Formalizing the ∞-categorical Yoneda lemma

Computer proof assistants are computer programs to check the correctness of a mathematical proof. There exists a wide variety of those, and they have been used increasingly in recent decades. Notable examples include verifications of:

* Ferguson--Hales's proof of the Kepler conjecture (2003--2014, in Isabelle)
* Feit--Thompson's Odd Order Theorem, playing a central role in the classification of finite simple groups (2006--2012, in Coq)
* some of Scholze and Clausen's work on condensed mathematics, implemented as the "Liquid Tensor Experiment" (2020--2022, in Lean)

Modern-day algebraic geometry and homotopy theory make heavy use of ∞-category theory, the formalization of which in a computer proof assistant has largely remained elusive. The natively homotopical flavor of ∞-category theory makes it a challenge to find a good foundational system that makes formalization amenable.

This is, in fact, made possible in the new proof assistant Rzk (https://rzk-lang.github.io/rzk), developed by Kudasov. The underlying theory is based on Riehl--Shulman's simplicial type theory from 2017, a version of homotopy type theory augmented with a directed interval. This formal language permits the synthetic development of parts of ∞-category theory as done in work by Riehl--Shulman, Buchholtz--W, and Bardomiano Martínez. But these used "pen and paper" rather than a proof assistant.

Now, together with Riehl and Kudasov, we have formalized Riehl--Shulman's version of the synthetic ∞-categorical Yoneda Lemma in Rzk (https://emilyriehl.github.io/yoneda/). Additional formalizations have been contributed by Bakke in Rzk, and by Hazratpour in Lean who formalized a version of the 1-categorical Yoneda lemma.

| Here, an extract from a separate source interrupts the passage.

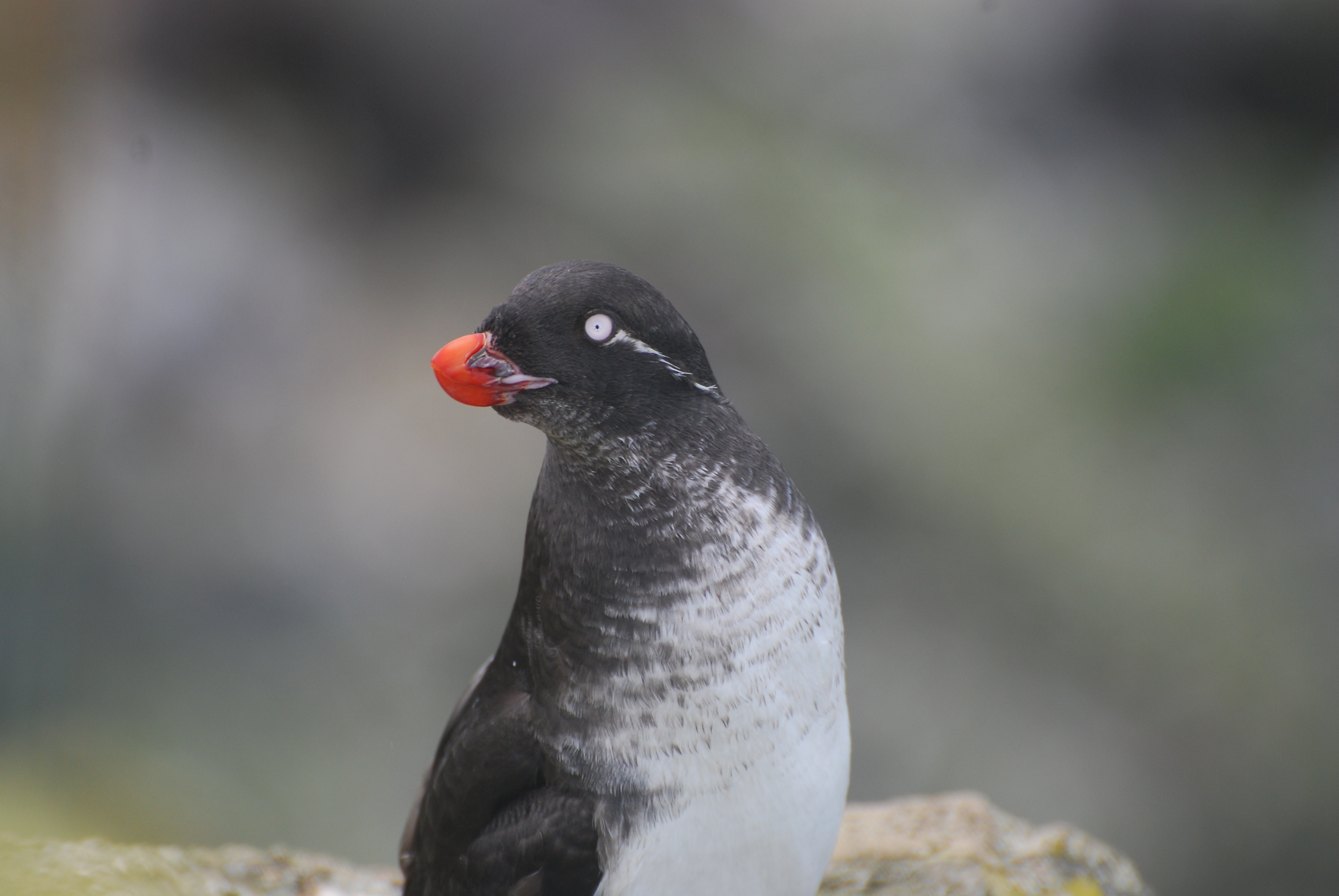 A Parakeet Auklet, a black and white seabird. Saint Paul Island, Pribilof Islands, Alaska.

In the talk, I'll briefly introduce the basic vocabulary of Riehl--Shulman's synthetic ∞-category theory and present a demo of the formalized ∞-categorical Yoneda lemma in Kudasov's Rzk proof assistant. Using the case study of the Yoneda lemma, we will explain the conceptual and practical advantages as well as challenges that arise when doing synthetic ∞-category theory in this setting.